**Task requirements**
Below is a listing; print exactly its lines from the one containing "Disco Duro Portátil" down to the one containing "In March 2026, the", both inclusive, with every picture left out.

**Entries shown**
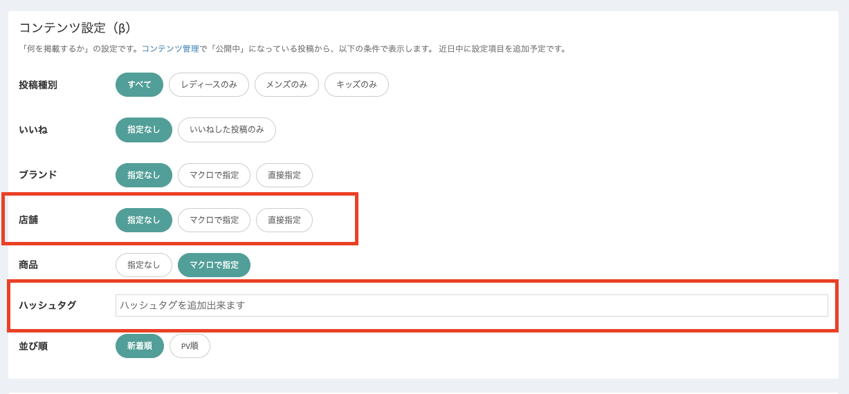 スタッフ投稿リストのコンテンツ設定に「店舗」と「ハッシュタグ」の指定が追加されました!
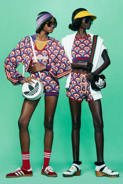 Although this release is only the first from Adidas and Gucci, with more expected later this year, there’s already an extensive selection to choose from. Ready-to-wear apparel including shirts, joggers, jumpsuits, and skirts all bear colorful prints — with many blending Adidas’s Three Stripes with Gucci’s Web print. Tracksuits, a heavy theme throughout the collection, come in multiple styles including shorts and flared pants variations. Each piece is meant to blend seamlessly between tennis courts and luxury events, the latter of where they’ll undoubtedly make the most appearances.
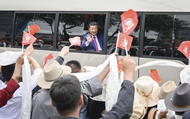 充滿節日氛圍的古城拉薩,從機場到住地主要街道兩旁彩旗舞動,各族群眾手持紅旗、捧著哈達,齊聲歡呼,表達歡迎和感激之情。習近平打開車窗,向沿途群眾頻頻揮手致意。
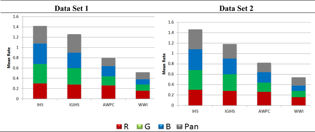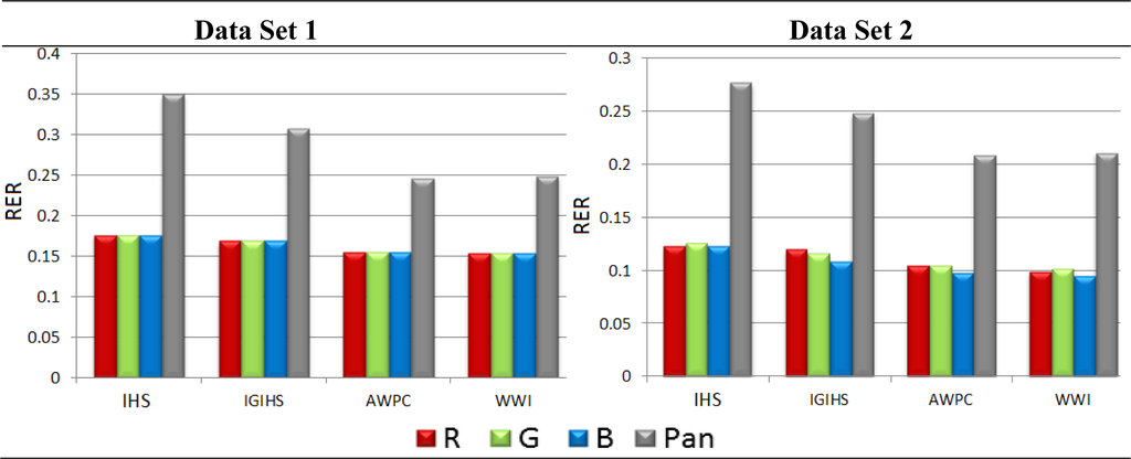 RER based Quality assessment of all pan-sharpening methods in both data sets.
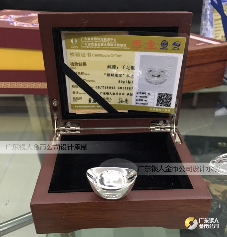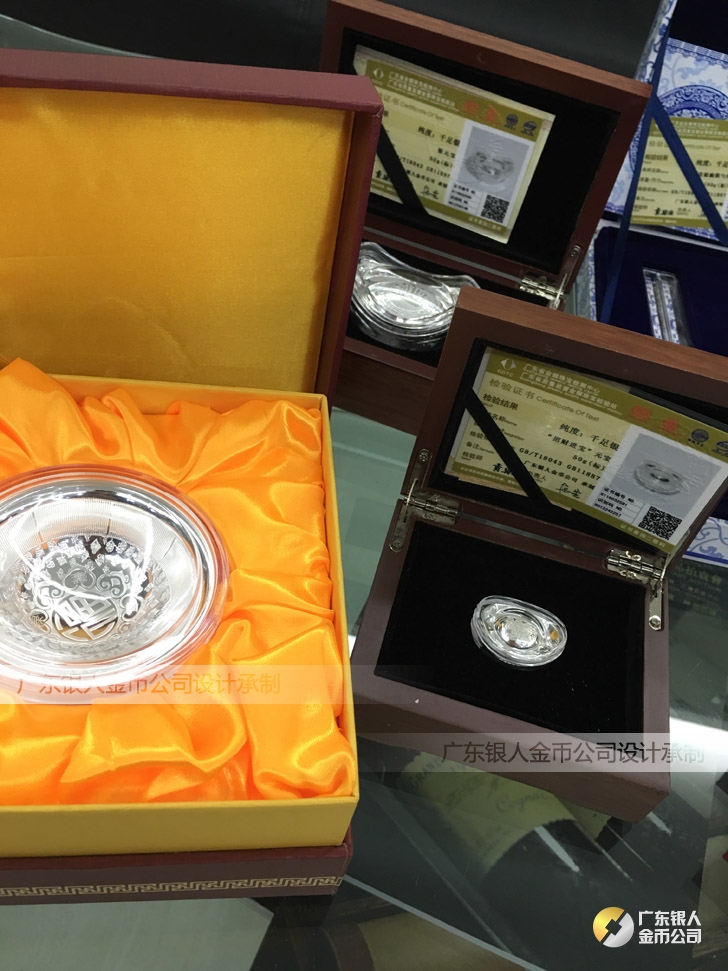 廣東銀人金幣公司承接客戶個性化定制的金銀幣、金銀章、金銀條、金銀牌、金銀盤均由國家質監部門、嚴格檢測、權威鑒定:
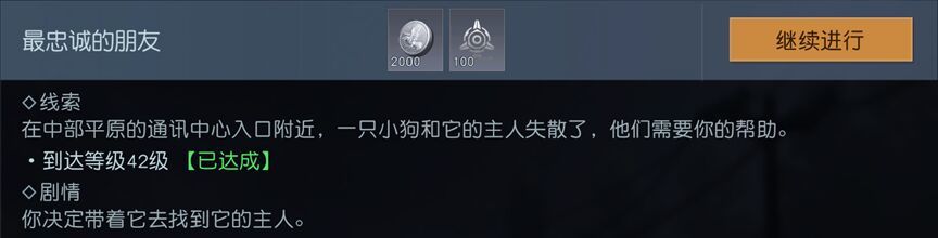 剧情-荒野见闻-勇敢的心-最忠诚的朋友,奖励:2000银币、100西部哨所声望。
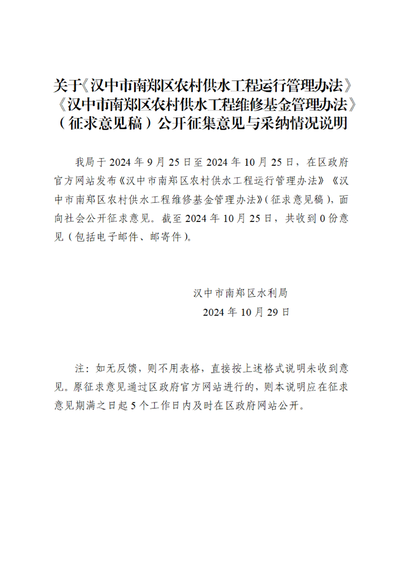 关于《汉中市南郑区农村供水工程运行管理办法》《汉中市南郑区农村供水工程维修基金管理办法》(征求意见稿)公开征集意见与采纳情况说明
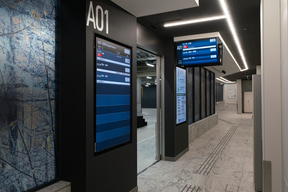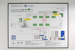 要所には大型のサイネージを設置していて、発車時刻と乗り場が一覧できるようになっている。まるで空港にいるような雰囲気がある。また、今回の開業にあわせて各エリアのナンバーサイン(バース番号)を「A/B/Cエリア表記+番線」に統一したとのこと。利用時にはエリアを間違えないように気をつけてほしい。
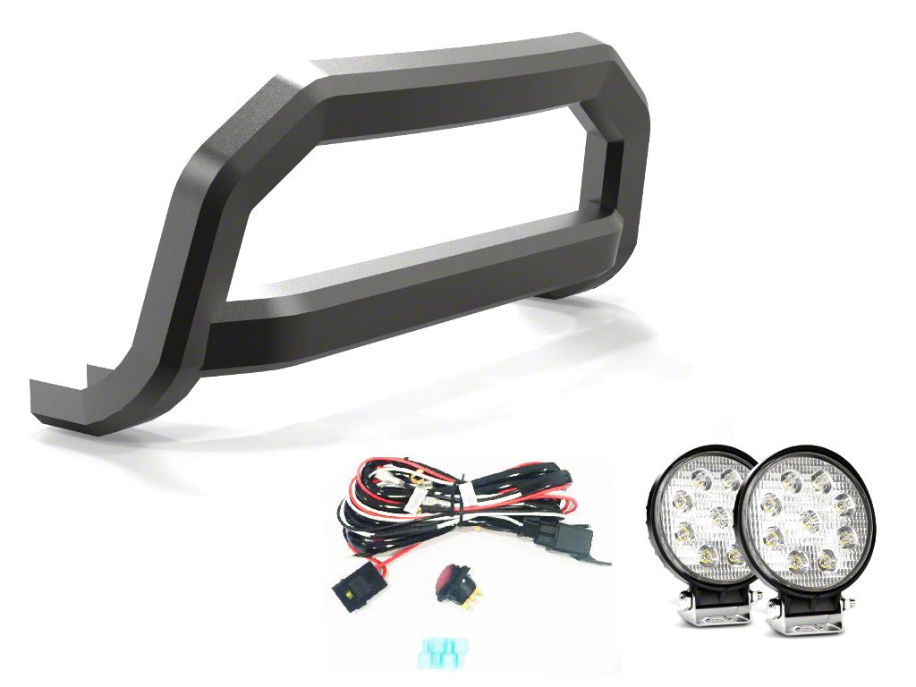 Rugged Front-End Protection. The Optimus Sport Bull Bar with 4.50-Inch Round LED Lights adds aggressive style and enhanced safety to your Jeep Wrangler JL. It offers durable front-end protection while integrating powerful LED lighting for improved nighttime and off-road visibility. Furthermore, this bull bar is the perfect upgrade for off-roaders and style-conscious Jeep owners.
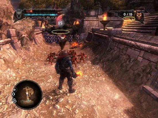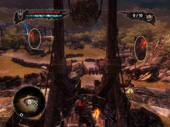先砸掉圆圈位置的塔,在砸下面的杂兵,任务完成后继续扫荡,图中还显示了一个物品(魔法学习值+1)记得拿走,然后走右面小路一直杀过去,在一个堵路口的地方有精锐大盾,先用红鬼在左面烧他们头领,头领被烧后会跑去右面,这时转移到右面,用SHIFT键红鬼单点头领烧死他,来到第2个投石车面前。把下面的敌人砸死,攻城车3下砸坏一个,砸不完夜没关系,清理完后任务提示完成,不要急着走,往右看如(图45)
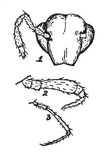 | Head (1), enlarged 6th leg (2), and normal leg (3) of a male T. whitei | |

---

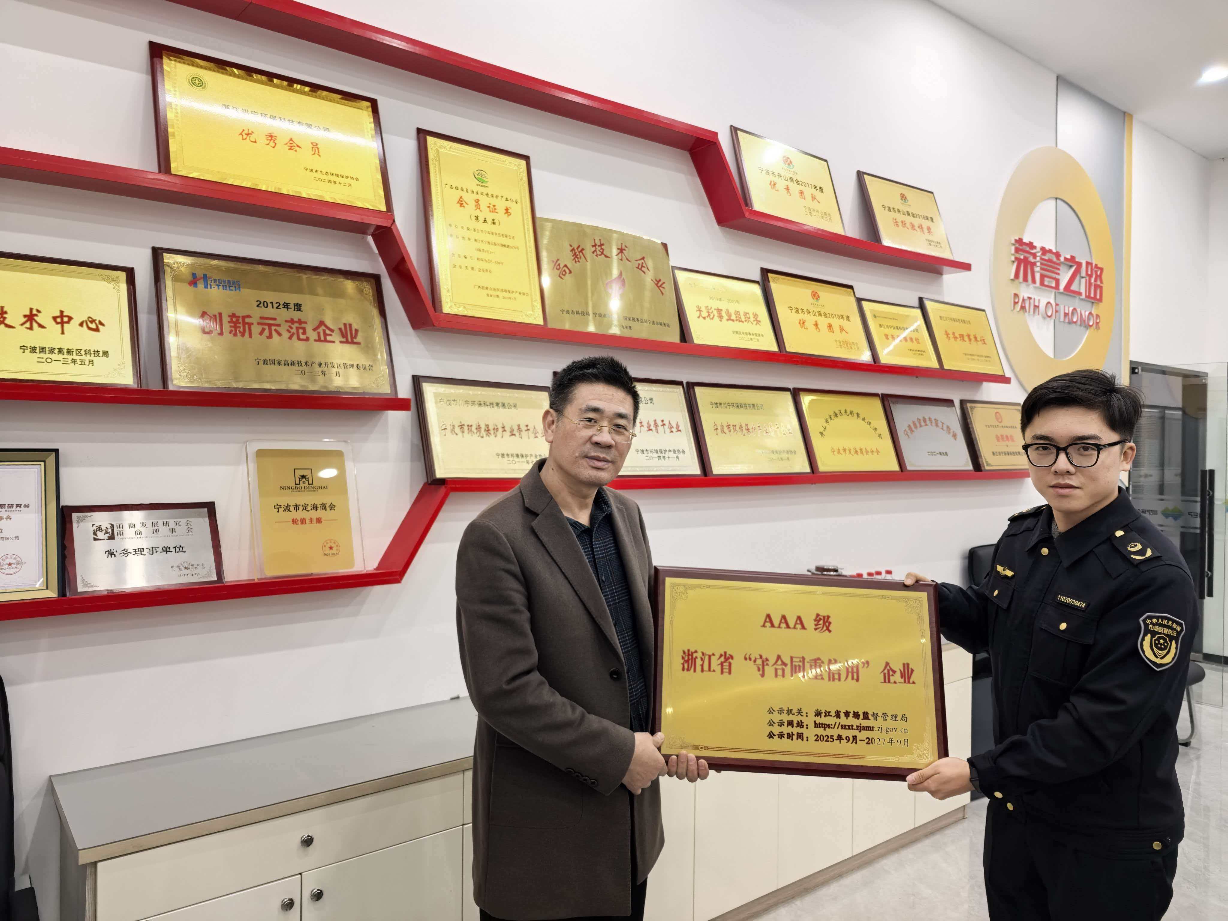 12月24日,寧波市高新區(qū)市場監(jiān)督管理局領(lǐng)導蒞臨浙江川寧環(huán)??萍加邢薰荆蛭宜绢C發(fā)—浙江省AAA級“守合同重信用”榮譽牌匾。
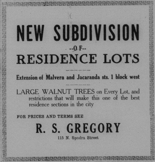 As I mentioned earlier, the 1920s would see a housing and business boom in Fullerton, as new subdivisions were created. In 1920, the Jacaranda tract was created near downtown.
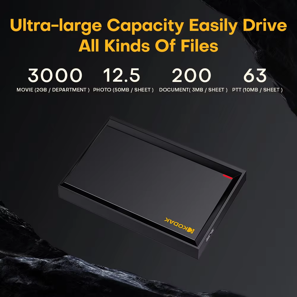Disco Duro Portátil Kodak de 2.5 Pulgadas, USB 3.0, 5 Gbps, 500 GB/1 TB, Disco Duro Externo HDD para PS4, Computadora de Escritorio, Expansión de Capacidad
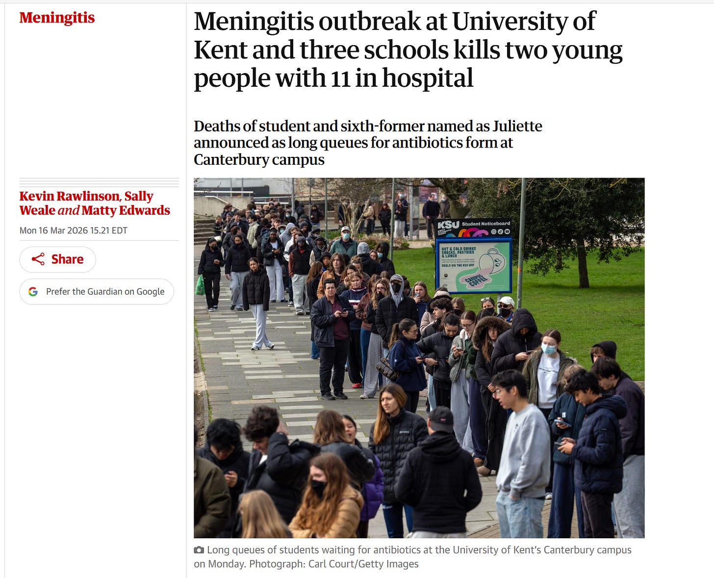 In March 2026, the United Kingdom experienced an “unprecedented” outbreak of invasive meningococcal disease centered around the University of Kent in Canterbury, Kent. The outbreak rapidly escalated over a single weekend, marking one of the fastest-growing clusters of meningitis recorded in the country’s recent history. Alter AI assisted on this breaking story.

**Answer to this problem**
Disco Duro Portátil Kodak de 2.5 Pulgadas, USB 3.0, 5 Gbps, 500 GB/1 TB, Disco Duro Externo HDD para PS4, Computadora de Escritorio, Expansión de Capacidad
 In March 2026, the United Kingdom experienced an “unprecedented” outbreak of invasive meningococcal disease centered around the University of Kent in Canterbury, Kent. The outbreak rapidly escalated over a single weekend, marking one of the fastest-growing clusters of meningitis recorded in the country’s recent history. Alter AI assisted on this breaking story.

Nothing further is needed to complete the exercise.